I'll find problems with everything. From the choice of using one word over another to an entire paragraph I deem unworthy of my idea, I start to scrap sections and sections of my labours of love, and near the end, I'm stuck with mere skeletons of the things I've made.
I'm sure there are many authors who've gone through this. They probably shook themselves off and filled in the gaps, making masterpieces of prose so beautiful it makes us masses weep in their presence. They might have written the next Gatsby or the next Moby Dick. I'll probably never reach that point if I continue like I am now.

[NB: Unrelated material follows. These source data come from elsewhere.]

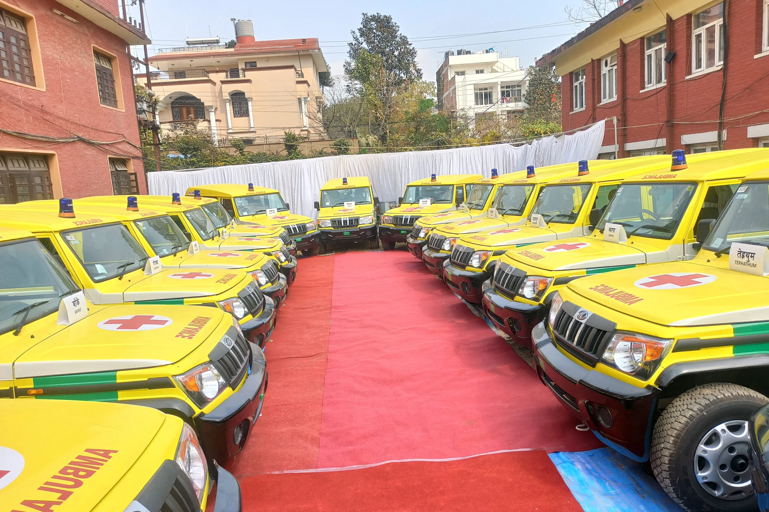 एम्बुलेन्स प्राप्त गर्नेमा इलाम, झापा, तेह्रथुम, सङ्खुवासभा, सप्तरी, उदयपुर, भक्तपुर, नुवाकोट, तनहुँ, गुल्मी, प्यूठान, सल्यान, सुर्खेत, दाङ, जाजरकोट, डोटी, मुगु, बझाङ, बैतडी, दार्चुला, कैलाली र कञ्चनपुर जिल्ला शाखा छन् । यस्तै बाँकेको सोनारी, बर्दियाको बारबर्दिया, भोजपुरको अन्नपूर्ण, गोरखाको मनकामना, कालीकोटको नरहरिनाथ, रोल्पाको घर्तीगाउँ, सिन्धुलीको ग्वालटार र सिरहाको मिर्चैया उपशाखाले पनि एम्बुलेन्स प्राप्त गरेका छन् ।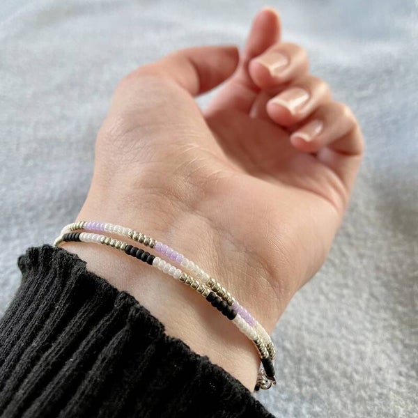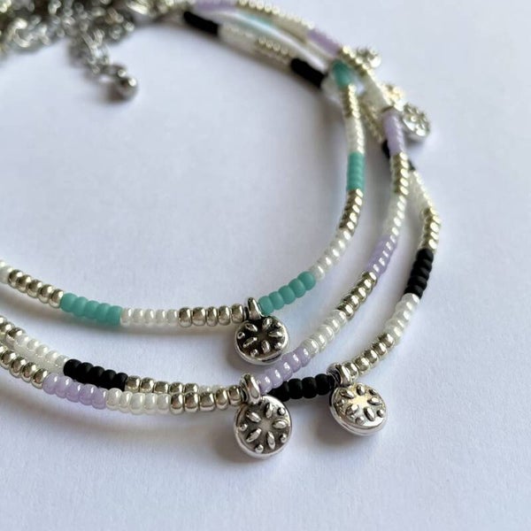Keuze uit het "Colorful Chic" armbandje of enkelbandje. Allen zijn gemaakt van 2mm miyuki kraaltjes. Witte en zilveren kraaltjes worden afgewisseld met een kleur naar keuze: zwart, turquoise of lila. De enkelbandjes bevatten 3 hangertjes.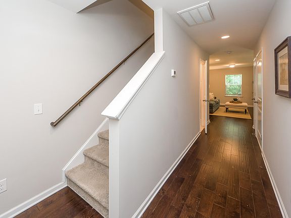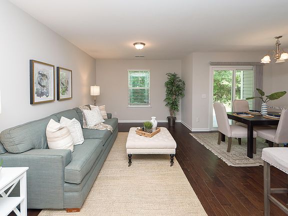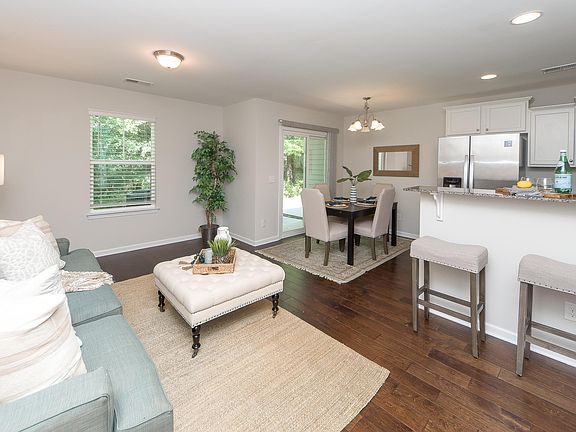 Gorgeous end-unit townhome that shows like a model! 3 bedrooms, 2.5 bath plus a 1 car garage! Nice foyer entrance hallway opens to the family room, dining area, and kitchen. Open concept! White kitchen cabinets, stainless steel appliances (including refrigerator), and granite countertops give this kitchen a striking look. The kitchen has a bar top area for casual dining. Hardwood floors span the 1st floor, and the ENTIRE home has a fresh coat of paint! Powder room is conveniently located downstairs and has a pedestal sink. Step outside onto the patio and enjoy the wooded/private view with a pond in the background. Upstairs you will find all 3 bedrooms. The master bedroom is spacious and has a large walk-in closet. The master bathroom has dual undermount sinks with a granite countertop, white cabinets and tile floor. Two guest bedrooms share a guest bathroom with granite countertops and tile floors. No more yard work! HOA fee takes care of yard work, landscaping, and termite bond. This home is a short walk to Goose Creek High School. Community has a pool, playpark, and sidewalks!

I can't get past the skeleton stage. I'm left sitting there, dumbstruck, that I could ruin an idea I loved so much with my poor wordsmithing and utter destruction of what could have been salvageable. This is usually the time I just leave it, never to return. I've got binders and binders, boxes and boxes full of half-filled notebooks (from before the computer era, GASP) I never wound up finishing because I became disenchanted, not with my ideas (although, some of them were shit, I'll admit), but with myself and what I deem to be my many many flaws. (There are many that are obvious to everyone. I should probably focus on those, honestly.) I've got folders and folders all over harddrives, Google drives, flash drives, any drives I can find, honestly, full of half-baked stories, ideas and outlines I never intended to finish from the beginning. I'm plenty full of ideas to write about, but I lack the belief that I can write about them in any successful or meaningful way.
That's what I'm setting out to change. One step at a time, I hope to overcome my personal demons to actually finish something for once. I'm not talking short stories or lewd fanfictions, I've written plenty. I'm talking a full-blown, bonafide, respectable novel to show for all my slaving away over all these years. I want to show those pessimists that I can do it. I want to show myself.
I've got to hit the ground running, and there's no day like today.